- **TASK TO COMPLETE**
Once the pictures are set aside, reproduce the remaining data exactly.

(Collected data)
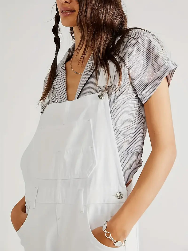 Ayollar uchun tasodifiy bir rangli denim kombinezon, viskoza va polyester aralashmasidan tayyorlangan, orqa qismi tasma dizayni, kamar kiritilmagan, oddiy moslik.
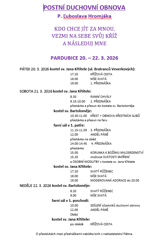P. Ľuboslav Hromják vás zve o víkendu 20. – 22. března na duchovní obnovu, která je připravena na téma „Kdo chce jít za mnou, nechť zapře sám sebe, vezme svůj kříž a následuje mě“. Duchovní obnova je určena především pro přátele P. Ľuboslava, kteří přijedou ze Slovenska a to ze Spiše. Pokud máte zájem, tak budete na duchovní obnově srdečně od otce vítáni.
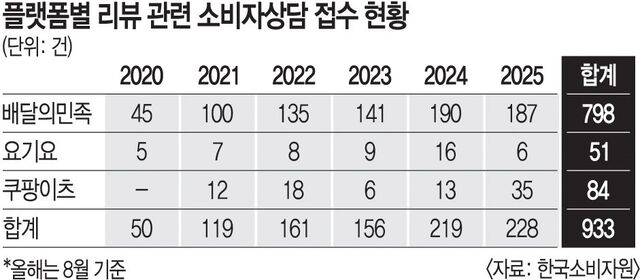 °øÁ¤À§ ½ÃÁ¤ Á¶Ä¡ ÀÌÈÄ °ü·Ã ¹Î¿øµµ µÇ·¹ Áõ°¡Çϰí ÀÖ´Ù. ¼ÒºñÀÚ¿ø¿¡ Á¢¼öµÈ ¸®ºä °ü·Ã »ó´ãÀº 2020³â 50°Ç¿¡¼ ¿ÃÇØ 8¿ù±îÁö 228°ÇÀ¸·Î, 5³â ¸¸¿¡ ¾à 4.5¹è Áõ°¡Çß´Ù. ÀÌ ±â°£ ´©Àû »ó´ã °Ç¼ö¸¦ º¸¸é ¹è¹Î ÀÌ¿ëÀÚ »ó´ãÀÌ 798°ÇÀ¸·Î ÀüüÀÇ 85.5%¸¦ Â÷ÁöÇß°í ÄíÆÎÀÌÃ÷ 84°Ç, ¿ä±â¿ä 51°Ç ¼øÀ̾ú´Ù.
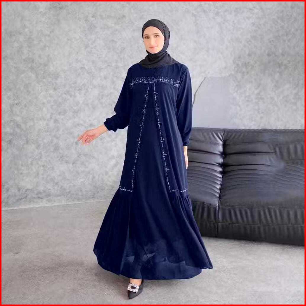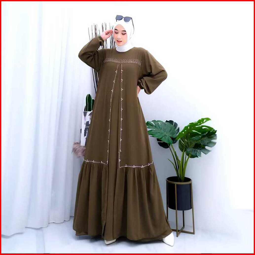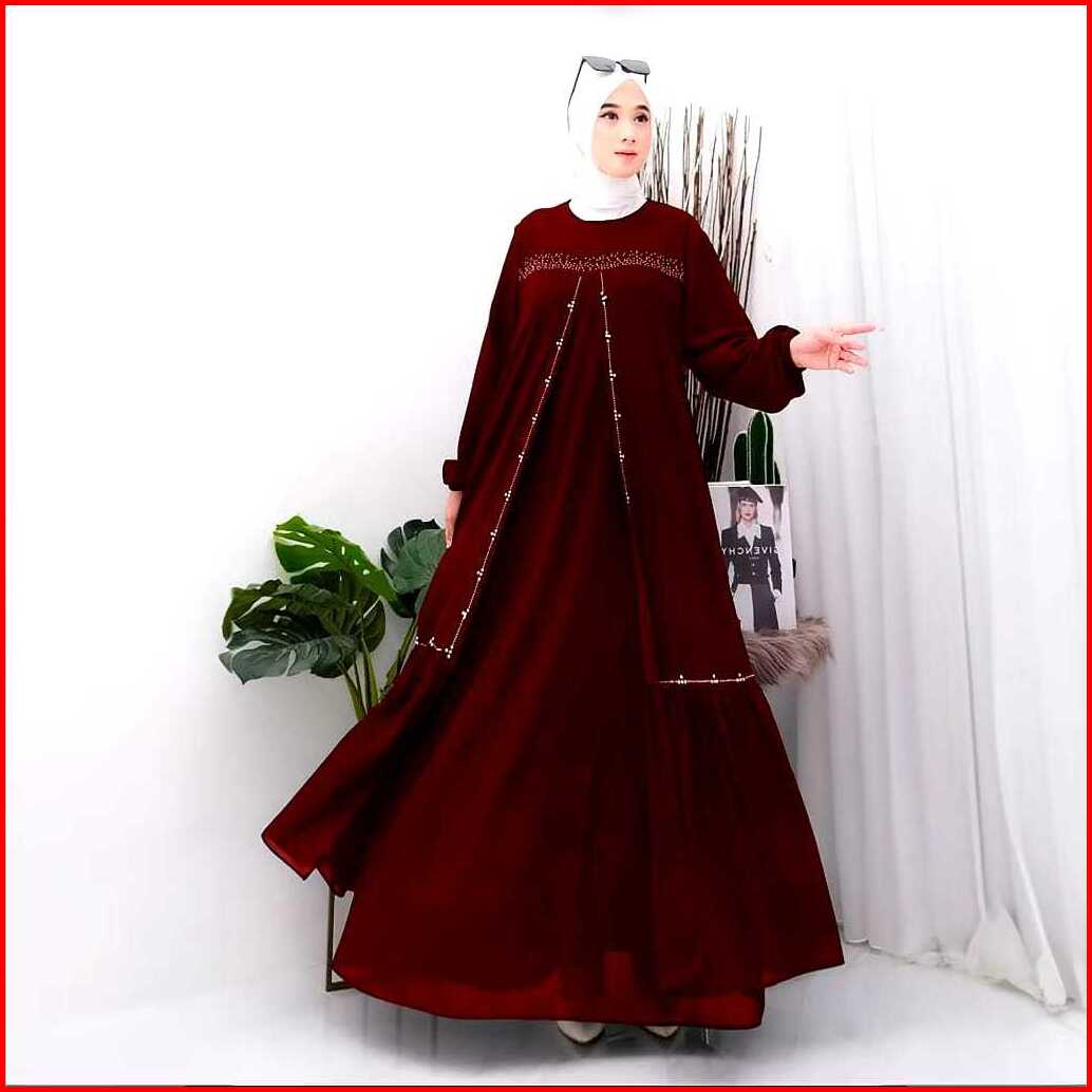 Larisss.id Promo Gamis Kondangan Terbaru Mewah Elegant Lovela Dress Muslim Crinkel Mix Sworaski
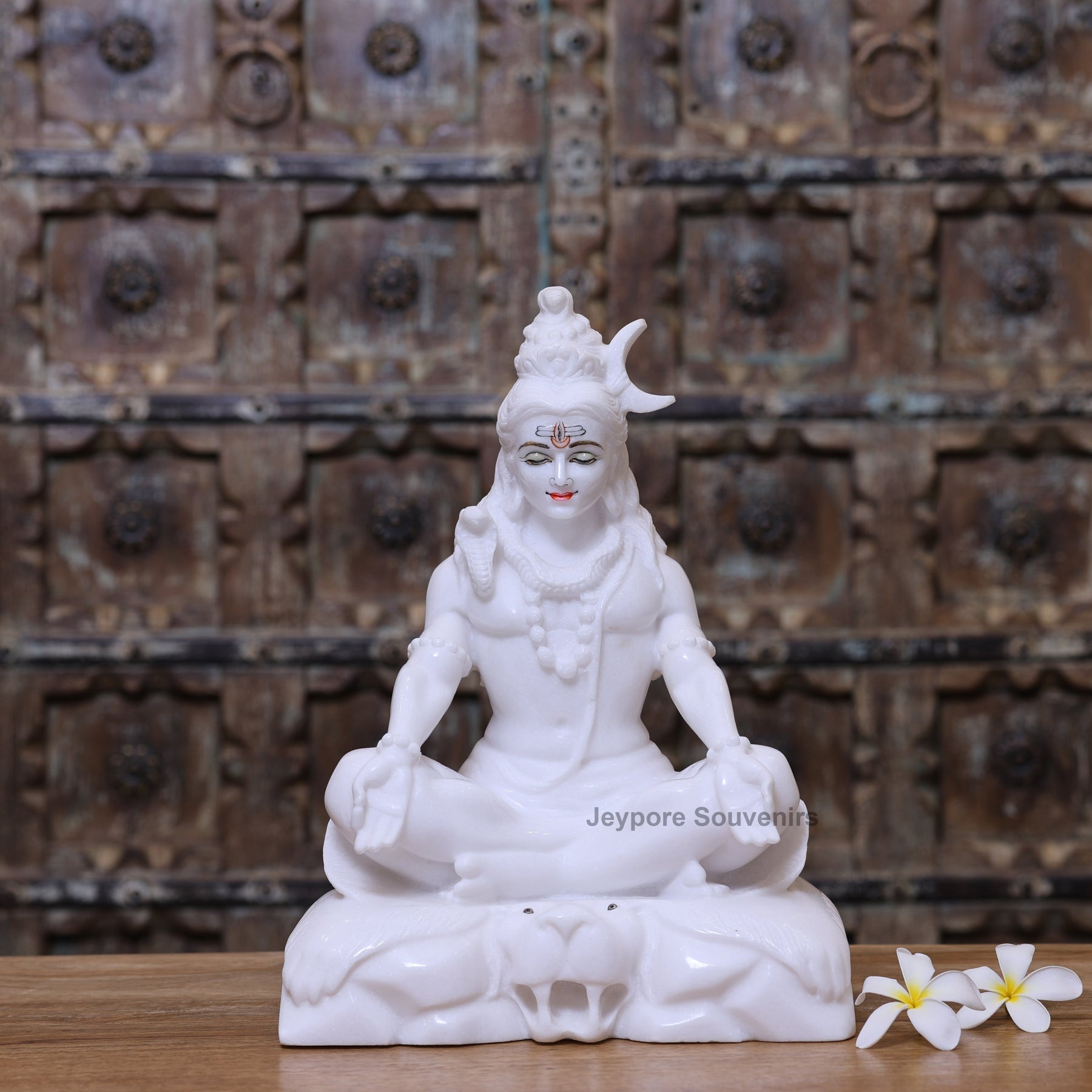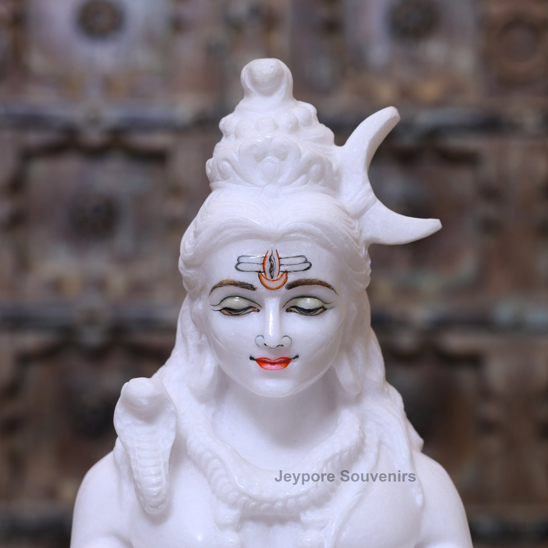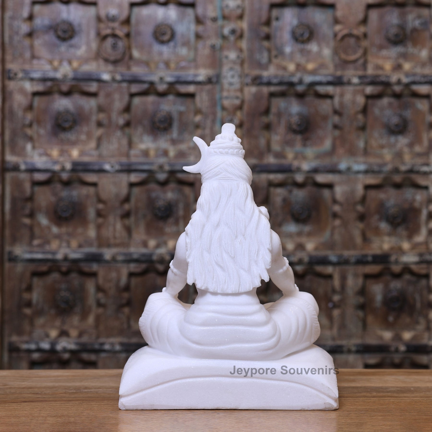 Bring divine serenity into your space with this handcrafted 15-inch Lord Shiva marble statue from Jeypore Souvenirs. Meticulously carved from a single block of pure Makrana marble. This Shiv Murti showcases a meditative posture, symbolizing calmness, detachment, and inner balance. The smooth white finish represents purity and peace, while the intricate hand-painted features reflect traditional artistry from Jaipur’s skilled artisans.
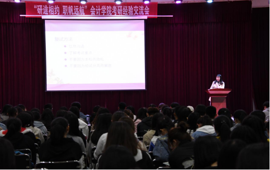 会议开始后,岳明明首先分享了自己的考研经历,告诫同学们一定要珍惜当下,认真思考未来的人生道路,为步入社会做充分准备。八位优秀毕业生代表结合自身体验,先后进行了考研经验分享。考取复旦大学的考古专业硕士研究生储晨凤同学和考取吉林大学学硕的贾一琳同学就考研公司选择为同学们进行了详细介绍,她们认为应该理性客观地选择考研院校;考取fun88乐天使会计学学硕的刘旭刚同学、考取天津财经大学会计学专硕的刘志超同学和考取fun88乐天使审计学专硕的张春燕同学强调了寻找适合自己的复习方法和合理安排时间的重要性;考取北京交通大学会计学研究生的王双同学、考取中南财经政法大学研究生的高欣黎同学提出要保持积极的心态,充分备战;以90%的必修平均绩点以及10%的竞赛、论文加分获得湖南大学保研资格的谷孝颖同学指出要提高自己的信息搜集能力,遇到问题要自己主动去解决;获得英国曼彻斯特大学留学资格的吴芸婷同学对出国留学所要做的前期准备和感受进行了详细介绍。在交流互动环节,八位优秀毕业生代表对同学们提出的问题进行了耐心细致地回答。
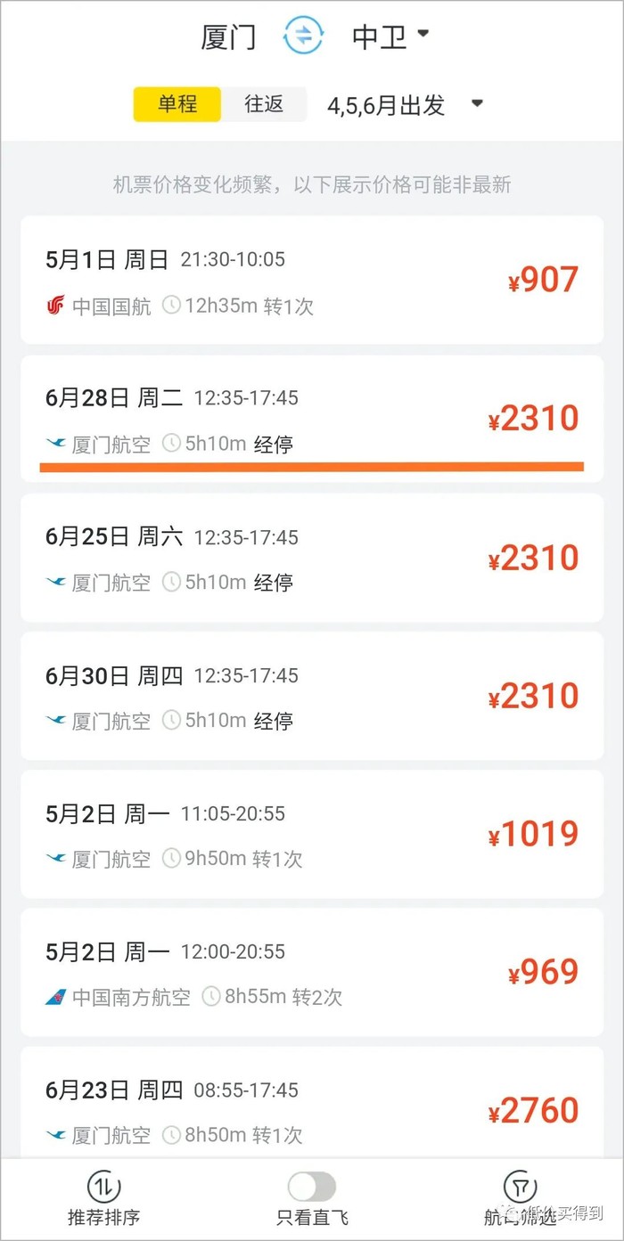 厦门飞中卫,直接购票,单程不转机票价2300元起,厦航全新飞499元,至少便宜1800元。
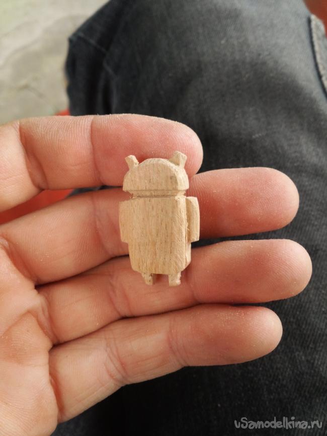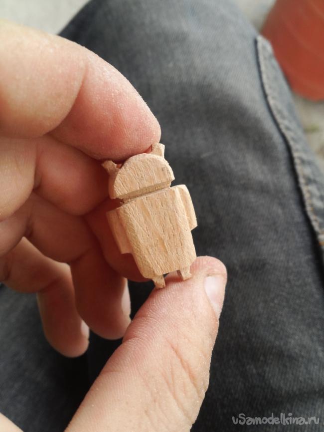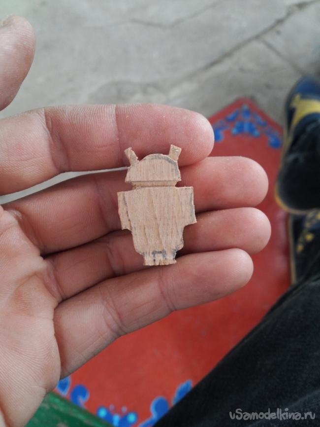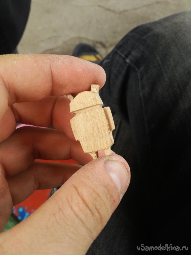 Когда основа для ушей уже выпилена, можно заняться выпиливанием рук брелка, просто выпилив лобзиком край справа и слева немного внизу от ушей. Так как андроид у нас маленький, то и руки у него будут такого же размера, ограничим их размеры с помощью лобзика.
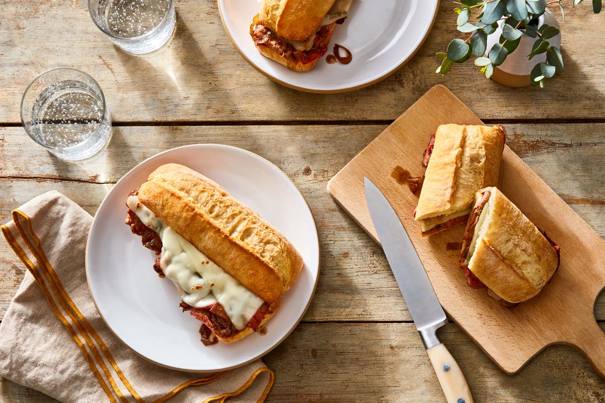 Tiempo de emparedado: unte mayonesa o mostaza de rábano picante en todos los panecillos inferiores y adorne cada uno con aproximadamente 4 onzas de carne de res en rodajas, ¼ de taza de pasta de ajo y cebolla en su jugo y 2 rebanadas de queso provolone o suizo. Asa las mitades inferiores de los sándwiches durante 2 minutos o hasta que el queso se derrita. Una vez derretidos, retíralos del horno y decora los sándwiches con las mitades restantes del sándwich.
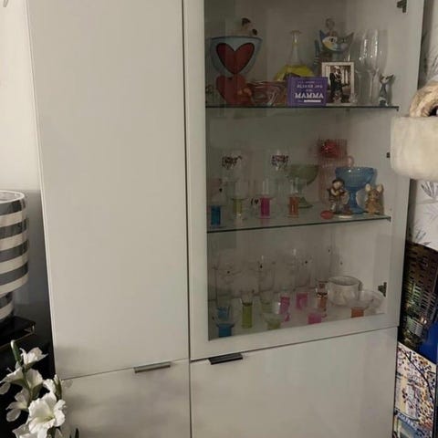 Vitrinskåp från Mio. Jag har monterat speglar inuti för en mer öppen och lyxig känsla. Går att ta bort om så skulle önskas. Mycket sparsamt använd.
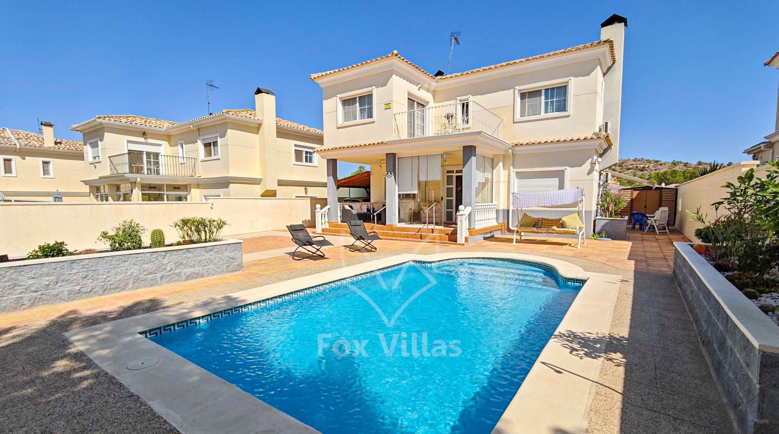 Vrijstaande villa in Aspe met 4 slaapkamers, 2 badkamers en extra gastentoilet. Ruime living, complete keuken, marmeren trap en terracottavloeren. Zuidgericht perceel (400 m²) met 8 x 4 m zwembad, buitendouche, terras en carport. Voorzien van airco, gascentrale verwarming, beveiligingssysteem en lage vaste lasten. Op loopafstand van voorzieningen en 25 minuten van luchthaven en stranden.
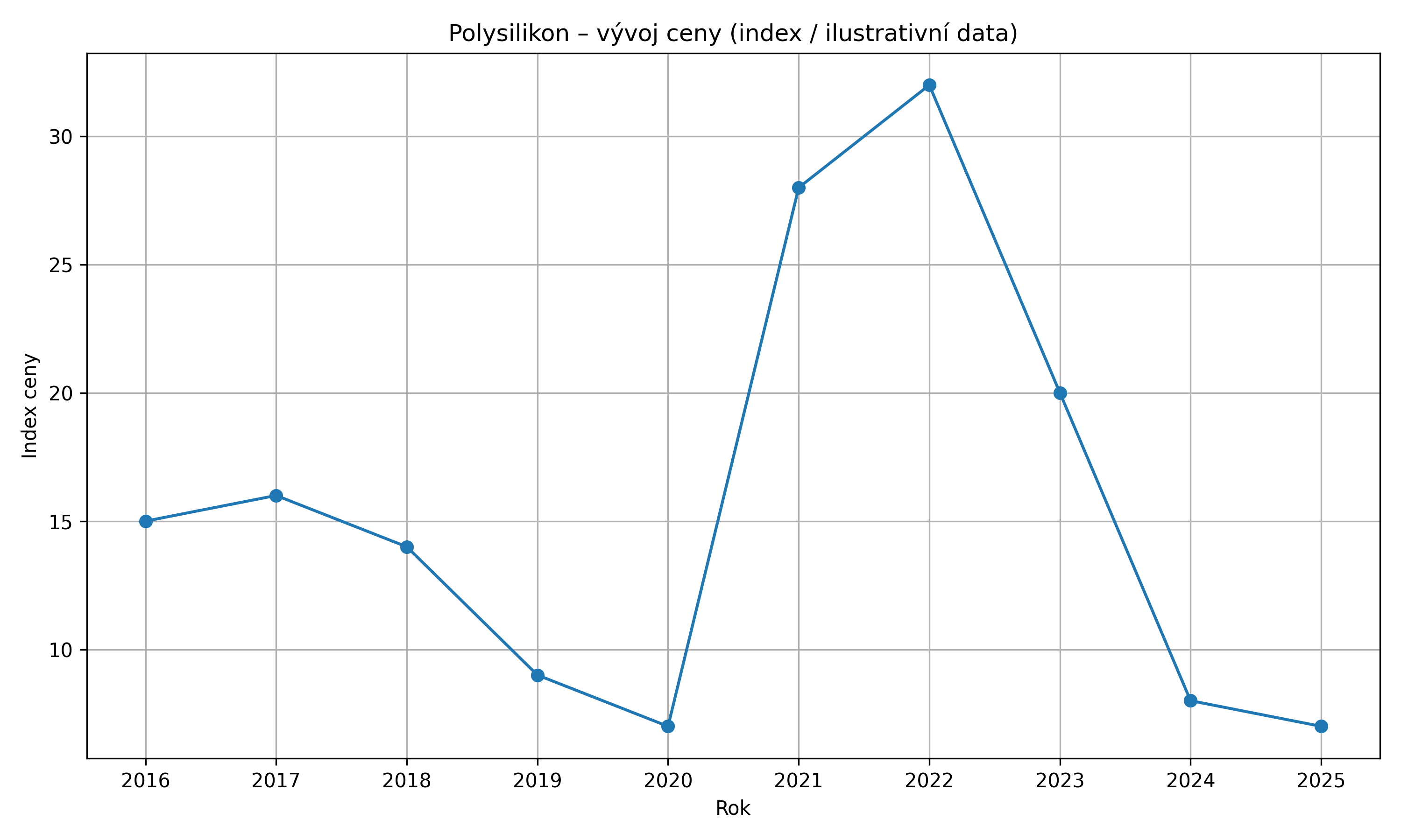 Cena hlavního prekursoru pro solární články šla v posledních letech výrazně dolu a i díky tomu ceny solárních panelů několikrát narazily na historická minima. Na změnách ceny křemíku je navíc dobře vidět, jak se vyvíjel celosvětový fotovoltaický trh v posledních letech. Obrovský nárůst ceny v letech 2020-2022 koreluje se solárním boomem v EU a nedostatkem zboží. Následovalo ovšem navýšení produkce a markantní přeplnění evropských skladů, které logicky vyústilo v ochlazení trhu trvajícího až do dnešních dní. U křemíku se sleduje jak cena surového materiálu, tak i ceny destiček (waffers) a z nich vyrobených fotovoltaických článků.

- **COMPLETED EXERCISE**
 Ayollar uchun tasodifiy bir rangli denim kombinezon, viskoza va polyester aralashmasidan tayyorlangan, orqa qismi tasma dizayni, kamar kiritilmagan, oddiy moslik.
P. Ľuboslav Hromják vás zve o víkendu 20. – 22. března na duchovní obnovu, která je připravena na téma „Kdo chce jít za mnou, nechť zapře sám sebe, vezme svůj kříž a následuje mě“. Duchovní obnova je určena především pro přátele P. Ľuboslava, kteří přijedou ze Slovenska a to ze Spiše. Pokud máte zájem, tak budete na duchovní obnově srdečně od otce vítáni.
 °øÁ¤À§ ½ÃÁ¤ Á¶Ä¡ ÀÌÈÄ °ü·Ã ¹Î¿øµµ µÇ·¹ Áõ°¡Çϰí ÀÖ´Ù. ¼ÒºñÀÚ¿ø¿¡ Á¢¼öµÈ ¸®ºä °ü·Ã »ó´ãÀº 2020³â 50°Ç¿¡¼ ¿ÃÇØ 8¿ù±îÁö 228°ÇÀ¸·Î, 5³â ¸¸¿¡ ¾à 4.5¹è Áõ°¡Çß´Ù. ÀÌ ±â°£ ´©Àû »ó´ã °Ç¼ö¸¦ º¸¸é ¹è¹Î ÀÌ¿ëÀÚ »ó´ãÀÌ 798°ÇÀ¸·Î ÀüüÀÇ 85.5%¸¦ Â÷ÁöÇß°í ÄíÆÎÀÌÃ÷ 84°Ç, ¿ä±â¿ä 51°Ç ¼øÀ̾ú´Ù.
 Larisss.id Promo Gamis Kondangan Terbaru Mewah Elegant Lovela Dress Muslim Crinkel Mix Sworaski
 Bring divine serenity into your space with this handcrafted 15-inch Lord Shiva marble statue from Jeypore Souvenirs. Meticulously carved from a single block of pure Makrana marble. This Shiv Murti showcases a meditative posture, symbolizing calmness, detachment, and inner balance. The smooth white finish represents purity and peace, while the intricate hand-painted features reflect traditional artistry from Jaipur’s skilled artisans.
 会议开始后,岳明明首先分享了自己的考研经历,告诫同学们一定要珍惜当下,认真思考未来的人生道路,为步入社会做充分准备。八位优秀毕业生代表结合自身体验,先后进行了考研经验分享。考取复旦大学的考古专业硕士研究生储晨凤同学和考取吉林大学学硕的贾一琳同学就考研公司选择为同学们进行了详细介绍,她们认为应该理性客观地选择考研院校;考取fun88乐天使会计学学硕的刘旭刚同学、考取天津财经大学会计学专硕的刘志超同学和考取fun88乐天使审计学专硕的张春燕同学强调了寻找适合自己的复习方法和合理安排时间的重要性;考取北京交通大学会计学研究生的王双同学、考取中南财经政法大学研究生的高欣黎同学提出要保持积极的心态,充分备战;以90%的必修平均绩点以及10%的竞赛、论文加分获得湖南大学保研资格的谷孝颖同学指出要提高自己的信息搜集能力,遇到问题要自己主动去解决;获得英国曼彻斯特大学留学资格的吴芸婷同学对出国留学所要做的前期准备和感受进行了详细介绍。在交流互动环节,八位优秀毕业生代表对同学们提出的问题进行了耐心细致地回答。
 厦门飞中卫,直接购票,单程不转机票价2300元起,厦航全新飞499元,至少便宜1800元。
 Когда основа для ушей уже выпилена, можно заняться выпиливанием рук брелка, просто выпилив лобзиком край справа и слева немного внизу от ушей. Так как андроид у нас маленький, то и руки у него будут такого же размера, ограничим их размеры с помощью лобзика.
 Tiempo de emparedado: unte mayonesa o mostaza de rábano picante en todos los panecillos inferiores y adorne cada uno con aproximadamente 4 onzas de carne de res en rodajas, ¼ de taza de pasta de ajo y cebolla en su jugo y 2 rebanadas de queso provolone o suizo. Asa las mitades inferiores de los sándwiches durante 2 minutos o hasta que el queso se derrita. Una vez derretidos, retíralos del horno y decora los sándwiches con las mitades restantes del sándwich.
 Vitrinskåp från Mio. Jag har monterat speglar inuti för en mer öppen och lyxig känsla. Går att ta bort om så skulle önskas. Mycket sparsamt använd.
 Vrijstaande villa in Aspe met 4 slaapkamers, 2 badkamers en extra gastentoilet. Ruime living, complete keuken, marmeren trap en terracottavloeren. Zuidgericht perceel (400 m²) met 8 x 4 m zwembad, buitendouche, terras en carport. Voorzien van airco, gascentrale verwarming, beveiligingssysteem en lage vaste lasten. Op loopafstand van voorzieningen en 25 minuten van luchthaven en stranden.
 Cena hlavního prekursoru pro solární články šla v posledních letech výrazně dolu a i díky tomu ceny solárních panelů několikrát narazily na historická minima. Na změnách ceny křemíku je navíc dobře vidět, jak se vyvíjel celosvětový fotovoltaický trh v posledních letech. Obrovský nárůst ceny v letech 2020-2022 koreluje se solárním boomem v EU a nedostatkem zboží. Následovalo ovšem navýšení produkce a markantní přeplnění evropských skladů, které logicky vyústilo v ochlazení trhu trvajícího až do dnešních dní. U křemíku se sleduje jak cena surového materiálu, tak i ceny destiček (waffers) a z nich vyrobených fotovoltaických článků.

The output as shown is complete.